Ada juga akun instagram [at]quranreview. Di sana dijelasin tafsir ayat dengan cara sangat populer dan anak muda banget. Orang yang super awam pun bisa paham.
Kira-kira begitulah metode [at]quranreview menjelaskan tafsir ayat. Yaitu mengambil contoh budaya populer, terus mengaitkannya dengan tafsir satu ayat.
Aslinya, penjelasan satu ayat itu bisa sangat mendalam. Kalau kamu baca langsung kitab tafsir pasti akan merasakan hal itu.
Satu ayat dibedah dari etimologi kata, sejarah kata, makna linguistik, tafsir dari Jibril, pemahaman langsung yang diberitahukan Nabi, praktek keseharian dari Nabi tentang ayat itu, praktek keseharian para sahabat, insight mendalam, dan seterusnya.
Inilah level 4. Sulit? Iya lah. Kan levelnya makin tinggi. Tapi ini bukan akhir. Mari kita masuk ke level tertinggi.
LEVEL 5
Tadabbur. Inilah level tertinggi dari interaksi dengan Alquran. Apa maksudnya? Bayangkan saja begini. Kamu berdiri di atas sebuah sumur. Sumur ini sangat dalam. Lalu kamu turun ke dasar sumur itu untuk mengambil airnya.
Berhasil! Kamu dapat airnya. Setelah kamu angkat air itu dari sumur, terlihat sekali air itu sangat jernih, sangat segar, dan sangat nikmat. Itulah analogi tadabbur.
Berkat skill set dalam ilmu tafsir yang kamu miliki, kamu bisa menggali makna Alquran sampai ke tingkat yang sangat dalam, sangat jauh, dan tak bisa dijangkau kebanyakan orang.
Karena memang itulah makna dari tadabbur. Simak pengertiannya berikut:
"Tadabbur adalah menalar, memikirkan, memahami, dan menggali sisi-sisi yang sangat jauh dan sangat mendalam dari sesuatu" (Imam Al-Zamakhsyari)
Makna dan guide kehidupan yang berhasil kamu ambil dari Alquran jernih tak terperi.

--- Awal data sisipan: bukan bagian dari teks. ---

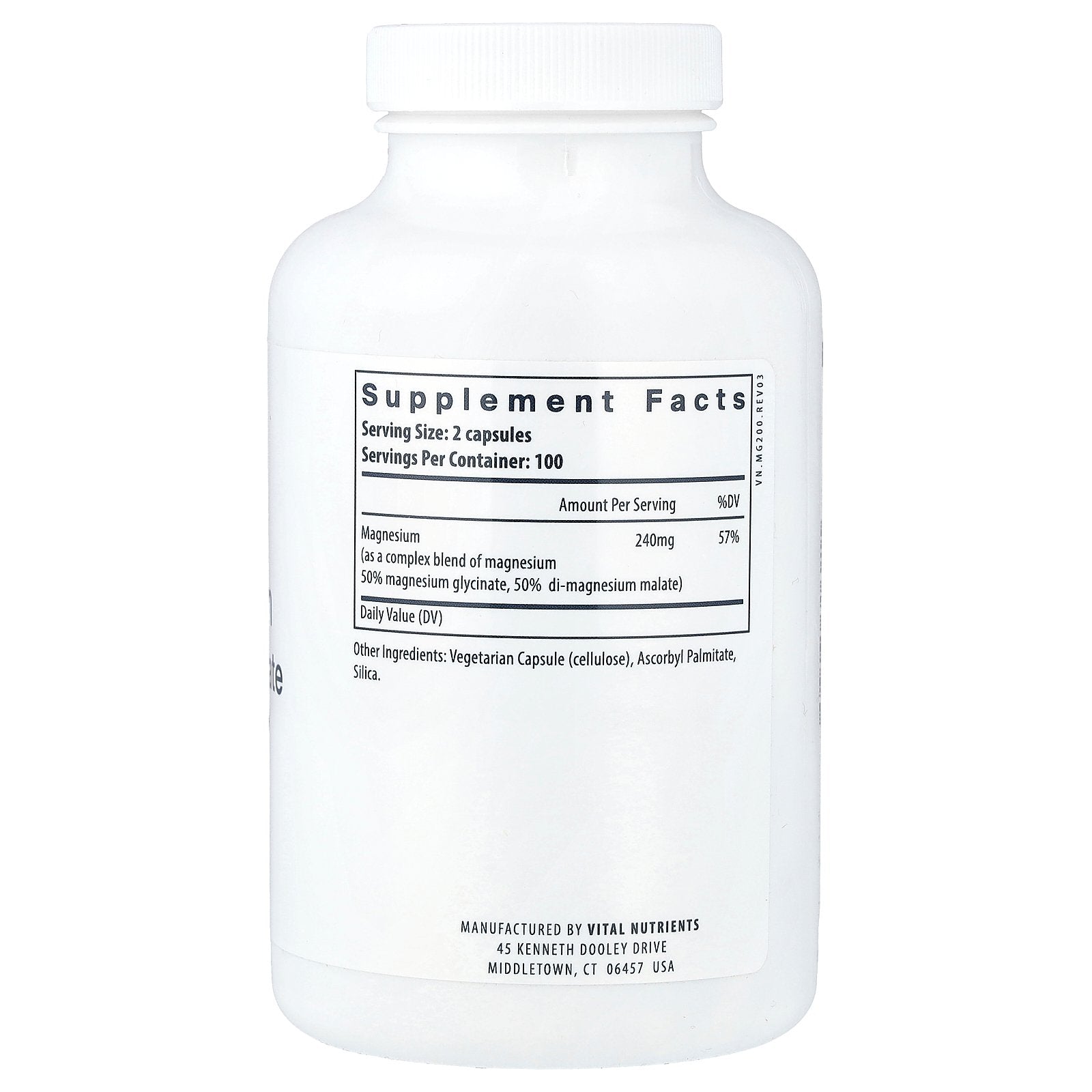 | Magnesium (as a complex blend of magnesium 50% magnesium glycinate, 50% di-magnesium malate) | 240 mg | 57% |
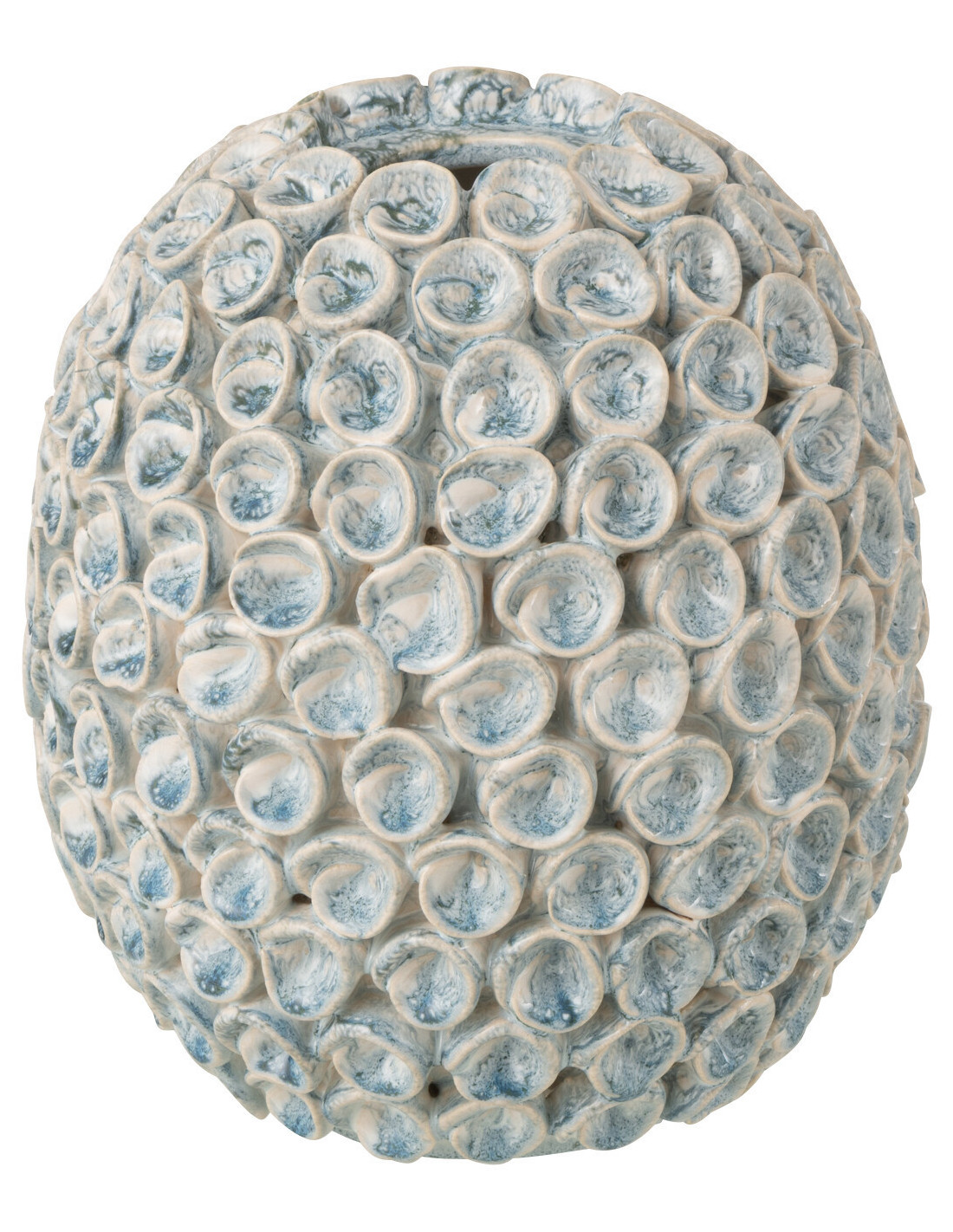 Vase Bord de mer Coquillages Boule H 22 cm Argile Bleu clair Blanc Milan
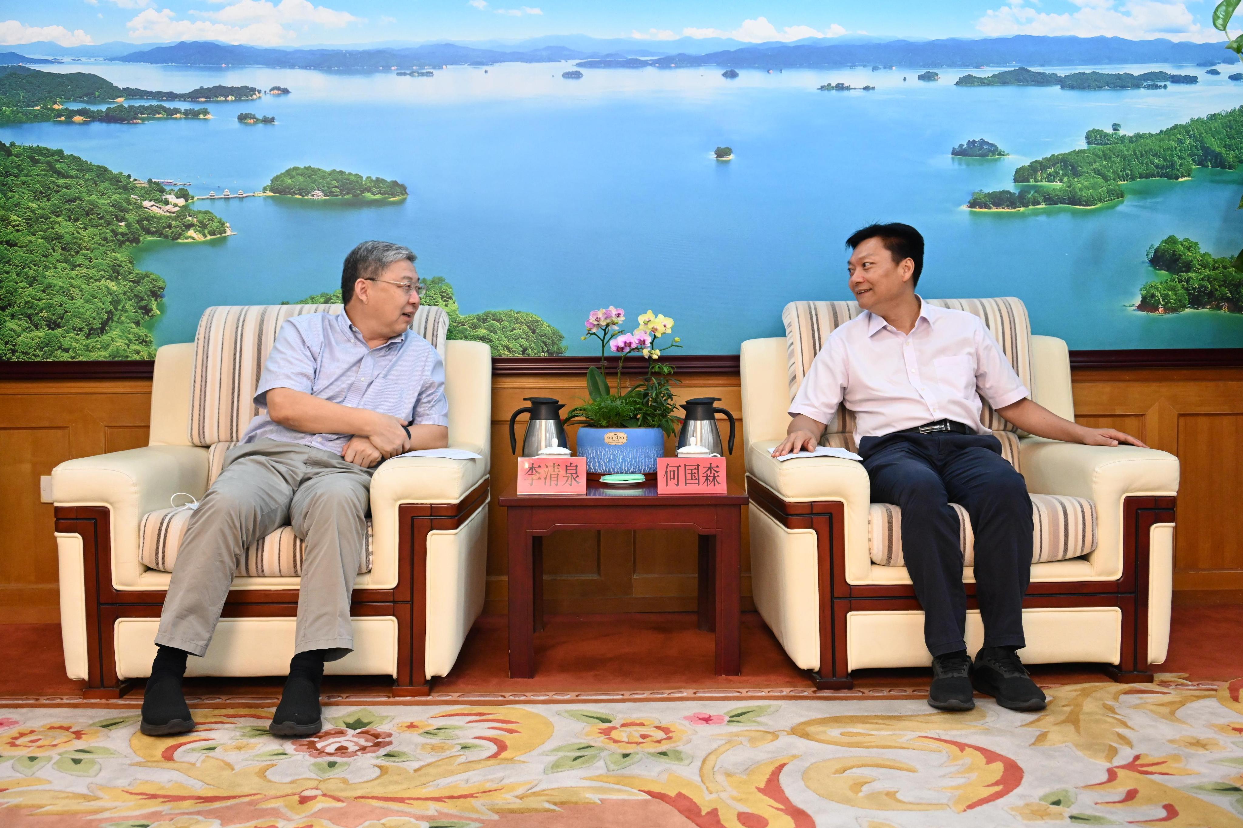 在河源市迎宾馆,李清泉与何国森、谢春艳等河源市领导就深圳大学对口帮扶河源市产业共建、基础教育帮扶等工作展开座谈。河源市教育局、科技局负责人参加座谈。

Pernahkah Anda berbicara dengan pakar di satu ilmu? Katakanlah Anda bertemu dengan pakar ilmu arsitektur yang sudah berpengalaman puluhan tahun. Lalu, Anda memintanya untuk menjelaskan sebenarnya ilmu arsitektur itu apa.
Apakah dia akan menjelaskan arsitektur seperti di buku teks? Tidak sama sekali. Sebaliknya, ia akan menjelaskan ilmu arsitektur dengan storytelling sangat indah. Saya jamin Anda akan terbengong-bengong mendengarkan ia bicara. Satu jam pun tak terasa.
Daripada menjelaskan rumus cara membangun rumah, bisa jadi ia malah berbicara tentang peradaban manusia. Bahwa yang namanya bangunan itu melindungi manusia. Bangunan menjadi saksi cinta, tawa, tangis, dan pengkhianatan umat manusia. Arsitektur adalah simbol cinta dan perasaan umat manusia, dst.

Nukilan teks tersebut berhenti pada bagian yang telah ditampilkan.